EXERCISE REQUIREMENTS. Below are the entries. Print only the lines starting at the one with "表3:2018年10月70個大中城市新建商品住宅銷售價格分類指數(一)" and ending at the one with "Persicaria microcephala 'Purple", exactly, with no pictures.

RECORDS SHOWN.

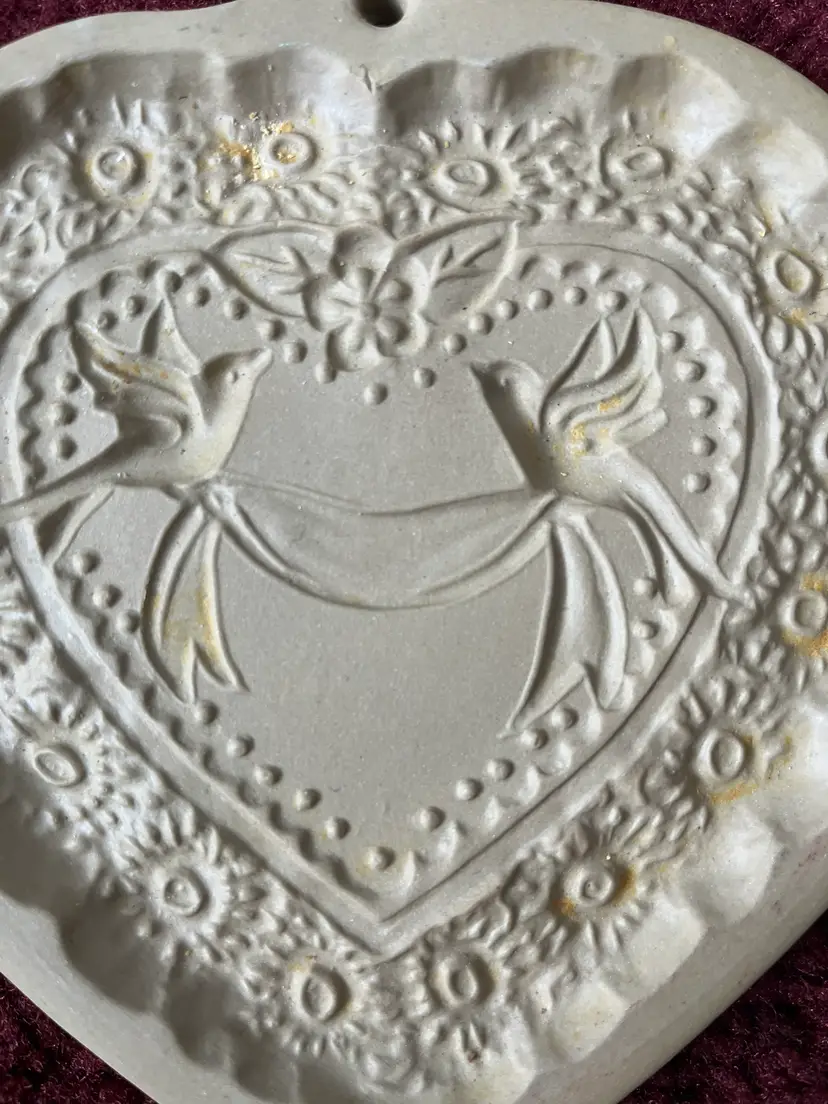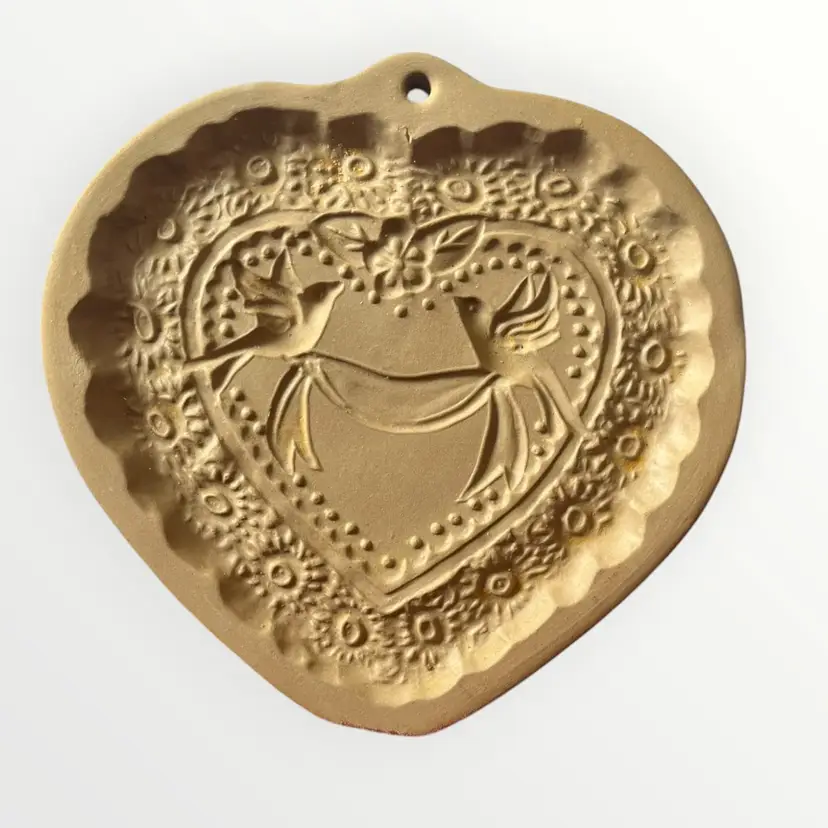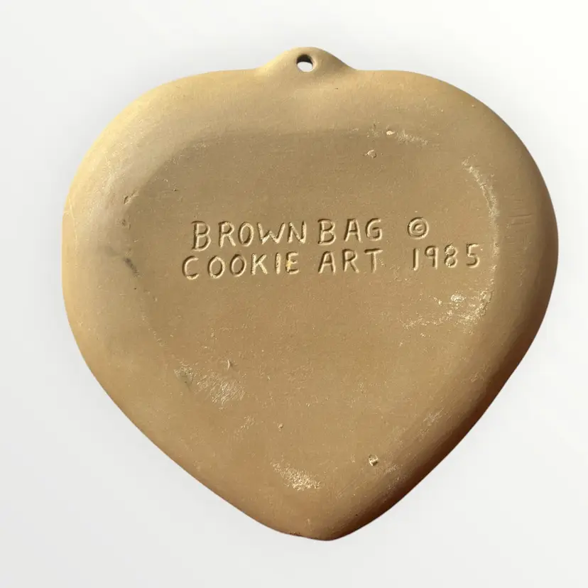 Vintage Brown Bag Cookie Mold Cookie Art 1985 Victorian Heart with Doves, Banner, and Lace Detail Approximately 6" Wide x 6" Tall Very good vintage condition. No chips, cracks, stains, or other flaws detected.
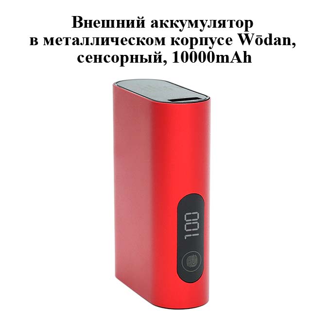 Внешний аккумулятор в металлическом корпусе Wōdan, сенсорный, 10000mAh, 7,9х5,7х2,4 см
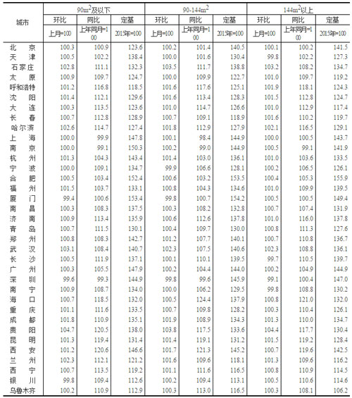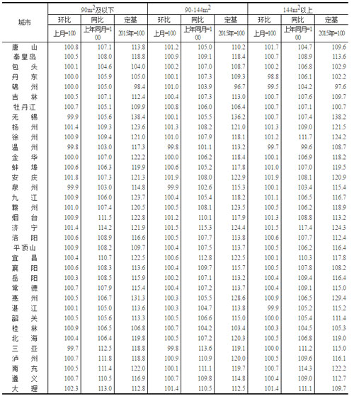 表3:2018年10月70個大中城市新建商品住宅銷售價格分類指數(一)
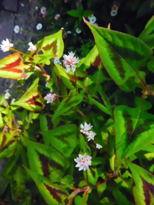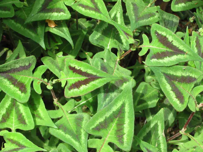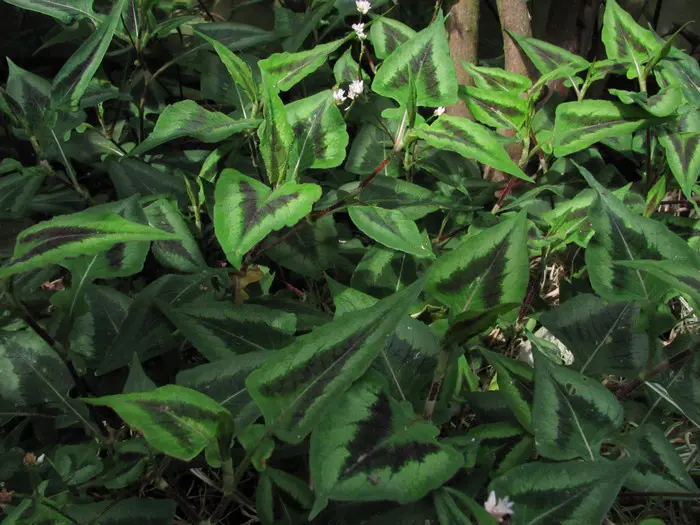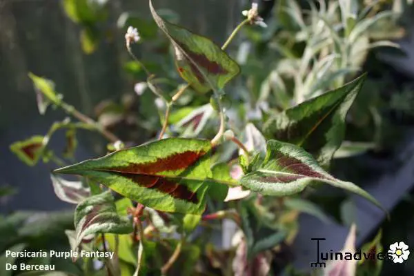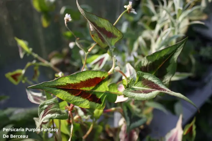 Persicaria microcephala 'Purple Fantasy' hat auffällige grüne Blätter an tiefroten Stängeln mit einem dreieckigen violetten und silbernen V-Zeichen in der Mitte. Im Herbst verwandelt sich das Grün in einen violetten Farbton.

---

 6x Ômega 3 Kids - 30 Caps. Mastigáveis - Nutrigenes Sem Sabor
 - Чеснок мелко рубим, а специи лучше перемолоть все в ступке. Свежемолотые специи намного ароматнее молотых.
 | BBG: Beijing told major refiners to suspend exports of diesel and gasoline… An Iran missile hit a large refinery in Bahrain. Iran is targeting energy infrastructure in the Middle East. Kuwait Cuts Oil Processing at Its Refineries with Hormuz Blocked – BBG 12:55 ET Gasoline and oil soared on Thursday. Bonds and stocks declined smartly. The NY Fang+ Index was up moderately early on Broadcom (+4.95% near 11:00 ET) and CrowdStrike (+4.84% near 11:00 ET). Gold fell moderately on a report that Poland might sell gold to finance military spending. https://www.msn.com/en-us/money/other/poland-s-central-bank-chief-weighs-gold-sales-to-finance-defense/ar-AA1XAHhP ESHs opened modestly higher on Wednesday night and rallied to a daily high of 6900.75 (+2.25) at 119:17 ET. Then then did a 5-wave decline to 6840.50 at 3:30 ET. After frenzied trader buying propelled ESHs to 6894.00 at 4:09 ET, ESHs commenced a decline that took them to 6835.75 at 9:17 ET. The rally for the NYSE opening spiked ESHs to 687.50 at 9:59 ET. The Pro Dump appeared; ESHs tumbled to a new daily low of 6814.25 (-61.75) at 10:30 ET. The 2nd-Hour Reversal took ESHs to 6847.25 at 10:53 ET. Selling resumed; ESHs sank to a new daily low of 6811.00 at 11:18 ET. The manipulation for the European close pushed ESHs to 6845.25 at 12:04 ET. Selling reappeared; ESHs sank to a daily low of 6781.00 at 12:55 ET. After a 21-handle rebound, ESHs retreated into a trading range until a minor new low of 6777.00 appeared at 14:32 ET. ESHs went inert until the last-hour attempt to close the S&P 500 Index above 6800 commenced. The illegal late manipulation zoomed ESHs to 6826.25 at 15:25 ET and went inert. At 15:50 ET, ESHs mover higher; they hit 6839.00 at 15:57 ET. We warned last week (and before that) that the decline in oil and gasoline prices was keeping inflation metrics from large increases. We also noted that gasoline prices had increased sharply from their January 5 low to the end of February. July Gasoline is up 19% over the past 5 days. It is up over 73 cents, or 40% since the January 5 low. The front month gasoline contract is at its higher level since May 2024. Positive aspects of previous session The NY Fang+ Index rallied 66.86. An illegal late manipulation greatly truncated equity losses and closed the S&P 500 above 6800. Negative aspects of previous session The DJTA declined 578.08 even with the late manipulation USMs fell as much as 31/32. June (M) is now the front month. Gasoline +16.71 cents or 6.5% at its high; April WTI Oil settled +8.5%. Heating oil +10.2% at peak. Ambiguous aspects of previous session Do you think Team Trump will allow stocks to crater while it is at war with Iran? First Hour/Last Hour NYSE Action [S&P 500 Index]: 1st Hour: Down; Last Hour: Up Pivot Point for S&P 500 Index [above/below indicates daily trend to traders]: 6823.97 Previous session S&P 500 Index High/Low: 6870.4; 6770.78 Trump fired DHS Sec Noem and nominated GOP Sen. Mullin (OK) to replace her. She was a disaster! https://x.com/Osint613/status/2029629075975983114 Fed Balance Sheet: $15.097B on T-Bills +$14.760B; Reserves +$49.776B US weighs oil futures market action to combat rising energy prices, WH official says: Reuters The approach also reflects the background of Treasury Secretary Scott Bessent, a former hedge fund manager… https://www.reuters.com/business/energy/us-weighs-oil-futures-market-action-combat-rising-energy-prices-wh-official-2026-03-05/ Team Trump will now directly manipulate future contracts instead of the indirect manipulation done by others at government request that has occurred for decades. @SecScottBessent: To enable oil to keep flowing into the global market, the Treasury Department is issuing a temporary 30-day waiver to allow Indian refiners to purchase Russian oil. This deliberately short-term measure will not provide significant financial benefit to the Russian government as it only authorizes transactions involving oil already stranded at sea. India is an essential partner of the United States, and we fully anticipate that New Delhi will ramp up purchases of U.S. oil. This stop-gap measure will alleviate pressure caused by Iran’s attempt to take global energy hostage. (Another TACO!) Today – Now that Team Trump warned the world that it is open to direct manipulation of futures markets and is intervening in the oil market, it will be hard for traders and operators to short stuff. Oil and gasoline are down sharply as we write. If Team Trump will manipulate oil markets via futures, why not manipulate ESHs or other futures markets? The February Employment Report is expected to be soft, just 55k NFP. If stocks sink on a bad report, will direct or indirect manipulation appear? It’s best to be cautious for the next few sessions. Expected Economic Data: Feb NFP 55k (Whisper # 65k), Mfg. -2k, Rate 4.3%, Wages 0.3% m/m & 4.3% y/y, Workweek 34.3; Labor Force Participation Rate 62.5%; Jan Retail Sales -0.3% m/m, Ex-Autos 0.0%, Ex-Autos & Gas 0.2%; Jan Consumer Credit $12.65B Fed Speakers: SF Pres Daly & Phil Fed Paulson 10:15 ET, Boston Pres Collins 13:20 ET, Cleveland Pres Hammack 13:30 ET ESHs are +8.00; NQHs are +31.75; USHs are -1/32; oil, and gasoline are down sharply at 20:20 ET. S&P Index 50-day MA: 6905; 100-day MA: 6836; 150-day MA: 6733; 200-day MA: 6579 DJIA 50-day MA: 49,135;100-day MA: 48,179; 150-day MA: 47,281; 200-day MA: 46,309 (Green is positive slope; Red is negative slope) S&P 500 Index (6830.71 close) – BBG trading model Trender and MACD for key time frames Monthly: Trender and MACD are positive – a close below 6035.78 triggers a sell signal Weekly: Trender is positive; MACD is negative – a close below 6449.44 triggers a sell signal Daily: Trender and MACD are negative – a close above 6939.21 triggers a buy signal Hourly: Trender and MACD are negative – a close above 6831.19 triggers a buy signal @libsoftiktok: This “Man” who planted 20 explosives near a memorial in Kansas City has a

--

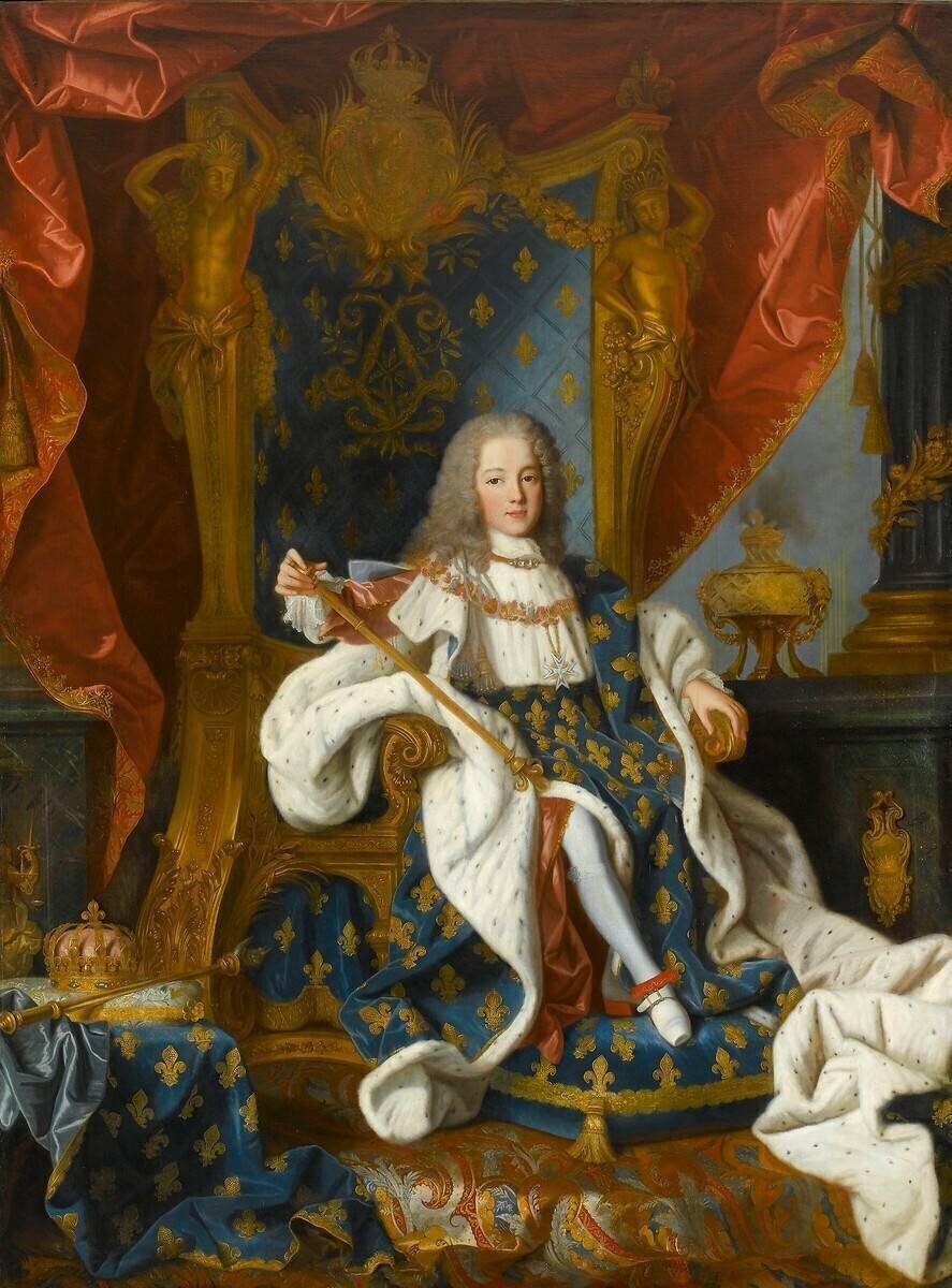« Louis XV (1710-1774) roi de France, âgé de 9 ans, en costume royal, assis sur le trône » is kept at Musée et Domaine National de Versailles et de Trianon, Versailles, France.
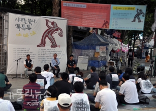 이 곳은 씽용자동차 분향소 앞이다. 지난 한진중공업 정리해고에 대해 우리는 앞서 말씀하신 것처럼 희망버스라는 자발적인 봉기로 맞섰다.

THE COMPLETED TASK.
 表3:2018年10月70個大中城市新建商品住宅銷售價格分類指數(一)
 Persicaria microcephala 'Purple Fantasy' hat auffällige grüne Blätter an tiefroten Stängeln mit einem dreieckigen violetten und silbernen V-Zeichen in der Mitte. Im Herbst verwandelt sich das Grün in einen violetten Farbton.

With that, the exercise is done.